[Start of section]

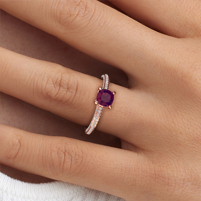 Nous avons donné le nom Elenore cus à la bague de fiançailles mentionnée ci-dessous. Ce type de bague de fiançailles est appelé une bague de fiançailles solitaire pavé car elle ne comporte qu’une seule pierre centrale et les tiges de la bague de fiançailles ont également une finition pleine. Cette bague de fiançailles est forgée en or 14 Carat et comporte un rhodolite coussin de 5.5 mm. Des diamants synthétiques sont sertis dans les épaules latérales de l’anneau. Chaque bijou est fabriquée par une équipe d'orfèvres et de designers motivés. Cela permettra à cette pièce unique d'attirer tous les regards.. Cette bague de fiançailles solitaire pavé forgée en or rose contemporains a un beau rhodolite coussin en guise de pierre centrale, avec plus de diamants synthétiques dans l’anneau pour accentuer encore plus l’effet de la pierre centrale. Le sertissage à griffes autour du rhodolite étant ouvert, le rhodolite capte la lumière de tous les côtés et brille de manière optimale. Ci-dessus, vous pouvez voir comment notre orfèvre a travaillé la bague de fiançailles dans les moindres détails. de telle sorte que le rhodolite élevé puisse véritablement attirer tous les regards. Quelle belle bague de fiançailles à offre lors de votre demande en mariage à l'amour de votre vie, à votre centre rayonnant ! Nos orfèvres ne fabriqueront votre bague de fiançailles qu'une fois que vous l'aurez commandée. Nous ne faisons pas de stock. L'avantage de cela est que nous n'avons pas à inclure les frais de stockage dans nos prix, et nous pouvons donc vous offrir des bijoux à un prix très bas.Avez-vous déjà des bague de fiançailles spécifiques en tête ? Une bague de fiançailles que vous avez vu quelque part. N'hésitez pas à nous faire part de vos souhaits et nous transformerons votre design en des bague de fiançailles uniques. Vous êtes en mesure de suivre l'évolution de la conception de vos bague de fiançailles car nous utilisons des dessins en 3D. Cela vous donnera un aperçu réaliste de votre design. Nous vous enverrons volontiers une offre sans engagement basée sur un rapport qualité / prix juste. Elle va vous étonner.Pour vous faciliter la tâche, vous pouvez facilement nous retourner tout bijou commandé dans les 30 jours suivant la livraison.
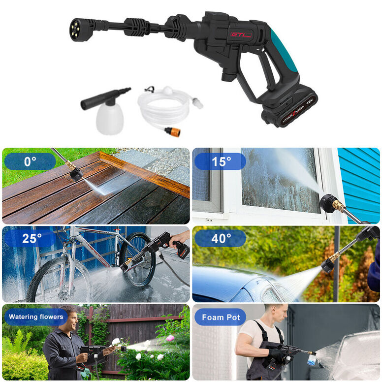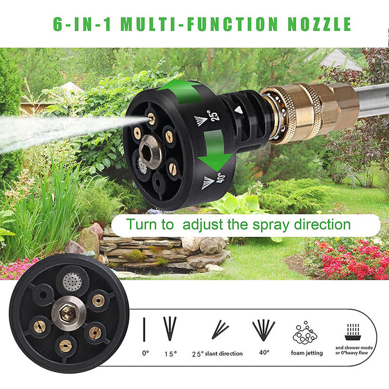 Boquilla multifunción 6 en 1: La hidrolimpiadora cuenta con una boquilla ajustable 6 en 1 con diferentes ajustes: 0°, 15°, 25° de inclinación, 40°, chorro de espuma y modo ducha o caudal intenso de 0°. Esto permite a los usuarios seleccionar el modo adecuado para sus necesidades de limpieza, ahorrando potencialmente agua.
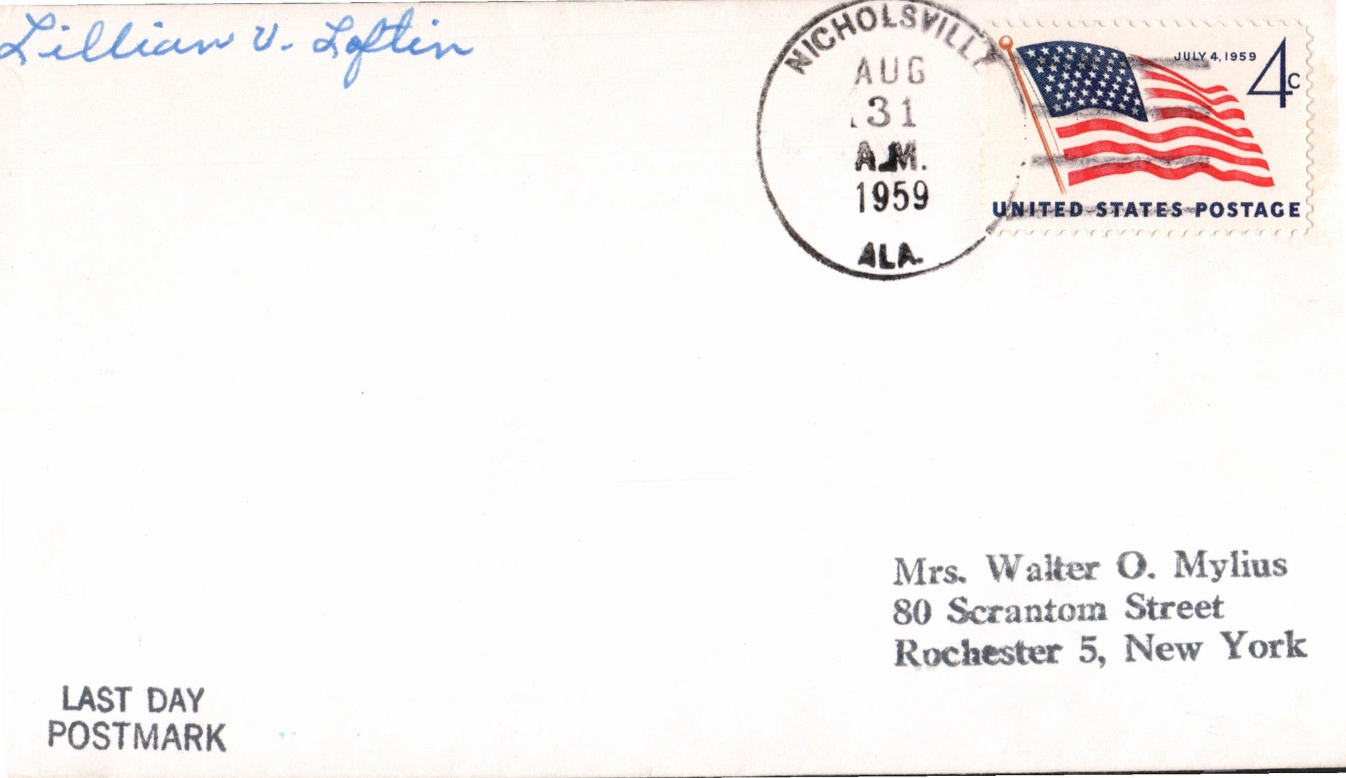 Nicholsville (1884-1959) 1959 4-bar on LD cover, PM autograph
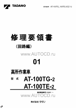 Заводская инструкция по ремонту крана Тадано - Tadano Aerial Platform AT-100TE-2 содержит подробную информацию о сборке и разборке агрегатов, процедур диагностики, электрические схемы, моменты затяжек и др.
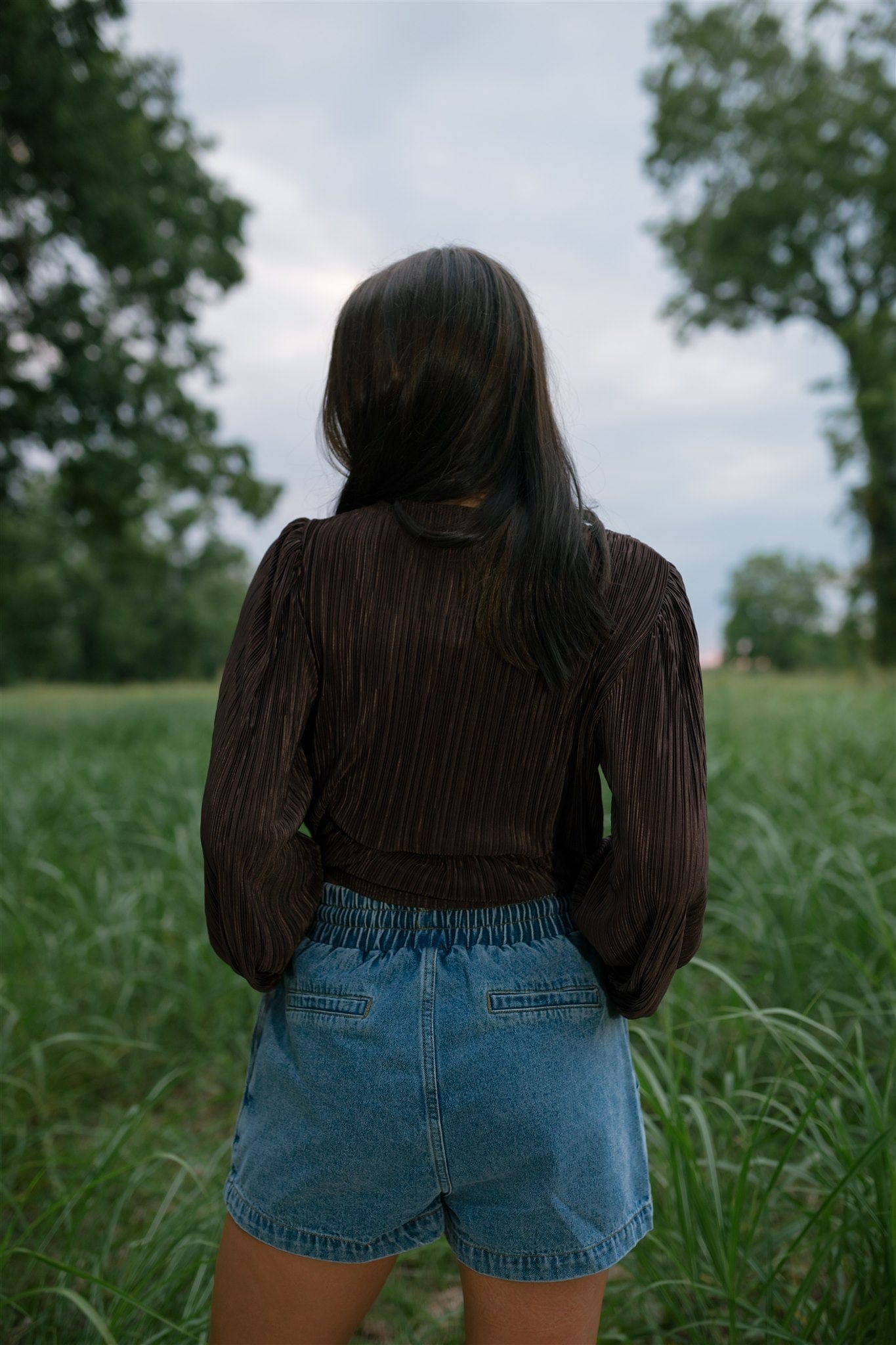 Elevate your fall wardrobe with this brown blouse featuring a charming tie-front detail and a flattering rounded neckline. Its long puff sleeves add a touch of romantic elegance, while the flowy fabric ensures all-day comfort and effortless style. Perfect for layering or wearing on its own, this blouse combines cozy sophistication with versatile appeal for any autumn occasion.
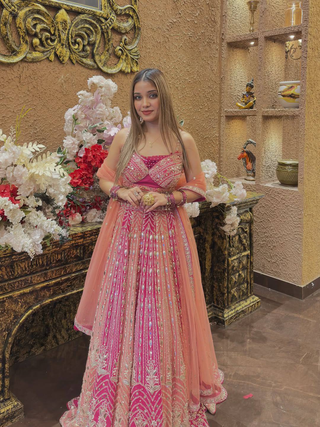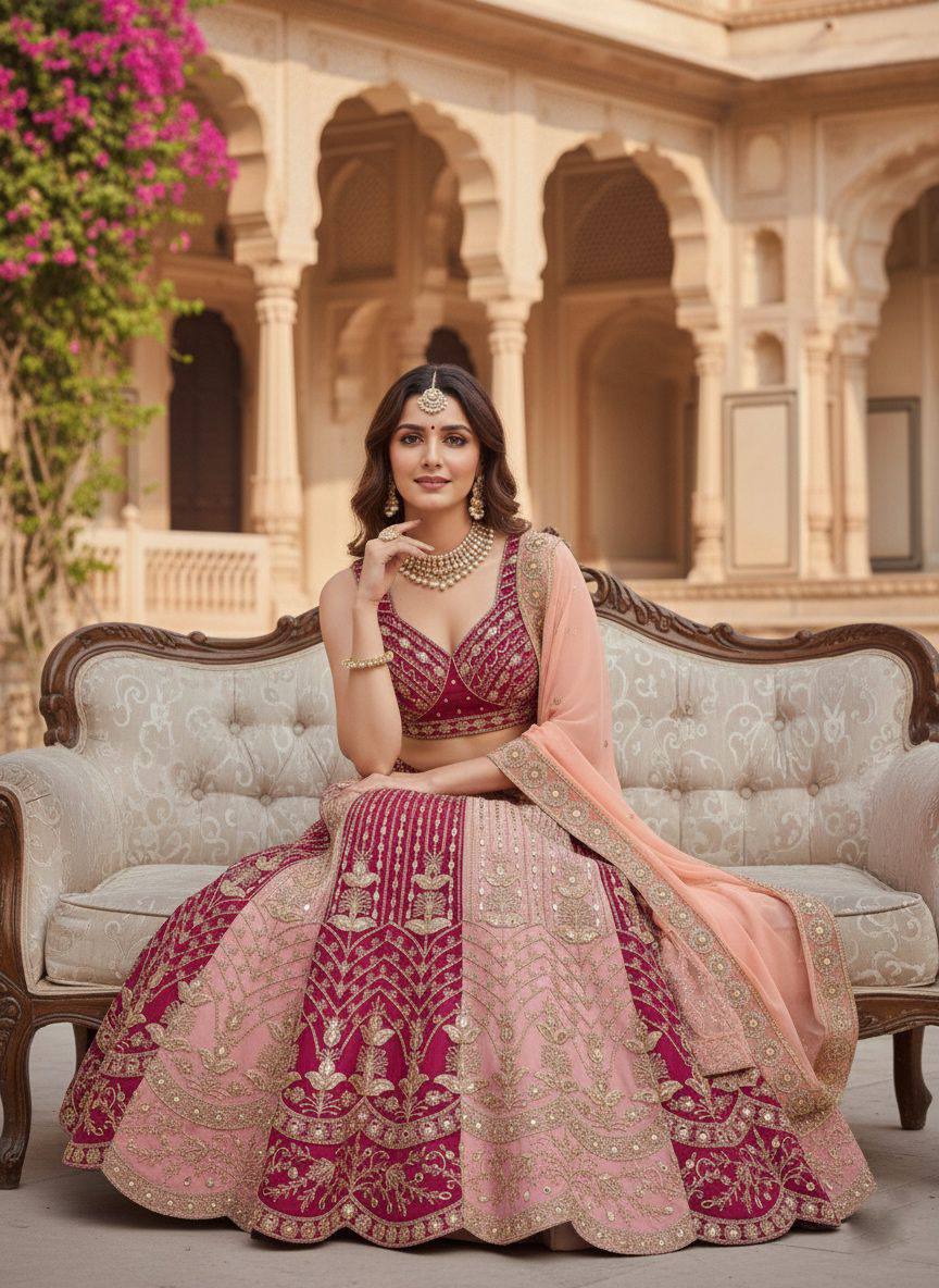 The beautifully designed lehenga features a grand 4 meter flare with attached can-can and canvas patta, creating a voluminous and elegant silhouette. The semi-stitched design allows comfortable fitting and customization up to size 44.
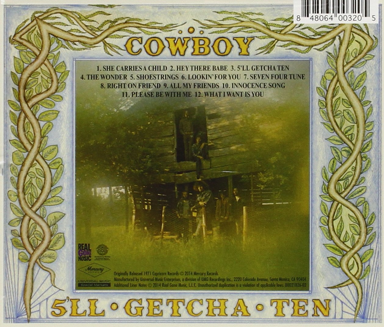 5'll Getcha Ten is the reissued of the worldwide debut album by Cowboy, was remastered and released on December 2, 2014 by Real Gone Music, from original in 1971 by Capricorn Records, featuring Duane Allman on Guitar and Dobro on a couple of tunes, and Chuck Leavell on Piano. The album is the Best Southern Rock and a Great Album of Acoustic Country Rock. For Fans of The Band, Gram Parsons, The Marshall Tucker Band.
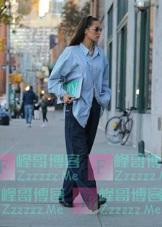 Bella Hadid用oversize的条纹衫搭配了同色系的阔腿裤,墨镜与发箍等配饰很好的提升了时髦度,真是把随性街头感拿捏的得心应手。

[End of section]

**PROMPT:** Apart from the pictures, all of the data must be duplicated exactly as shown above.

**TASK RESPONSE:**
 Nous avons donné le nom Elenore cus à la bague de fiançailles mentionnée ci-dessous. Ce type de bague de fiançailles est appelé une bague de fiançailles solitaire pavé car elle ne comporte qu’une seule pierre centrale et les tiges de la bague de fiançailles ont également une finition pleine. Cette bague de fiançailles est forgée en or 14 Carat et comporte un rhodolite coussin de 5.5 mm. Des diamants synthétiques sont sertis dans les épaules latérales de l’anneau. Chaque bijou est fabriquée par une équipe d'orfèvres et de designers motivés. Cela permettra à cette pièce unique d'attirer tous les regards.. Cette bague de fiançailles solitaire pavé forgée en or rose contemporains a un beau rhodolite coussin en guise de pierre centrale, avec plus de diamants synthétiques dans l’anneau pour accentuer encore plus l’effet de la pierre centrale. Le sertissage à griffes autour du rhodolite étant ouvert, le rhodolite capte la lumière de tous les côtés et brille de manière optimale. Ci-dessus, vous pouvez voir comment notre orfèvre a travaillé la bague de fiançailles dans les moindres détails. de telle sorte que le rhodolite élevé puisse véritablement attirer tous les regards. Quelle belle bague de fiançailles à offre lors de votre demande en mariage à l'amour de votre vie, à votre centre rayonnant ! Nos orfèvres ne fabriqueront votre bague de fiançailles qu'une fois que vous l'aurez commandée. Nous ne faisons pas de stock. L'avantage de cela est que nous n'avons pas à inclure les frais de stockage dans nos prix, et nous pouvons donc vous offrir des bijoux à un prix très bas.Avez-vous déjà des bague de fiançailles spécifiques en tête ? Une bague de fiançailles que vous avez vu quelque part. N'hésitez pas à nous faire part de vos souhaits et nous transformerons votre design en des bague de fiançailles uniques. Vous êtes en mesure de suivre l'évolution de la conception de vos bague de fiançailles car nous utilisons des dessins en 3D. Cela vous donnera un aperçu réaliste de votre design. Nous vous enverrons volontiers une offre sans engagement basée sur un rapport qualité / prix juste. Elle va vous étonner.Pour vous faciliter la tâche, vous pouvez facilement nous retourner tout bijou commandé dans les 30 jours suivant la livraison.
 Boquilla multifunción 6 en 1: La hidrolimpiadora cuenta con una boquilla ajustable 6 en 1 con diferentes ajustes: 0°, 15°, 25° de inclinación, 40°, chorro de espuma y modo ducha o caudal intenso de 0°. Esto permite a los usuarios seleccionar el modo adecuado para sus necesidades de limpieza, ahorrando potencialmente agua.
 Nicholsville (1884-1959) 1959 4-bar on LD cover, PM autograph
 Заводская инструкция по ремонту крана Тадано - Tadano Aerial Platform AT-100TE-2 содержит подробную информацию о сборке и разборке агрегатов, процедур диагностики, электрические схемы, моменты затяжек и др.
 Elevate your fall wardrobe with this brown blouse featuring a charming tie-front detail and a flattering rounded neckline. Its long puff sleeves add a touch of romantic elegance, while the flowy fabric ensures all-day comfort and effortless style. Perfect for layering or wearing on its own, this blouse combines cozy sophistication with versatile appeal for any autumn occasion.
 The beautifully designed lehenga features a grand 4 meter flare with attached can-can and canvas patta, creating a voluminous and elegant silhouette. The semi-stitched design allows comfortable fitting and customization up to size 44.
 5'll Getcha Ten is the reissued of the worldwide debut album by Cowboy, was remastered and released on December 2, 2014 by Real Gone Music, from original in 1971 by Capricorn Records, featuring Duane Allman on Guitar and Dobro on a couple of tunes, and Chuck Leavell on Piano. The album is the Best Southern Rock and a Great Album of Acoustic Country Rock. For Fans of The Band, Gram Parsons, The Marshall Tucker Band.
 Bella Hadid用oversize的条纹衫搭配了同色系的阔腿裤,墨镜与发箍等配饰很好的提升了时髦度,真是把随性街头感拿捏的得心应手。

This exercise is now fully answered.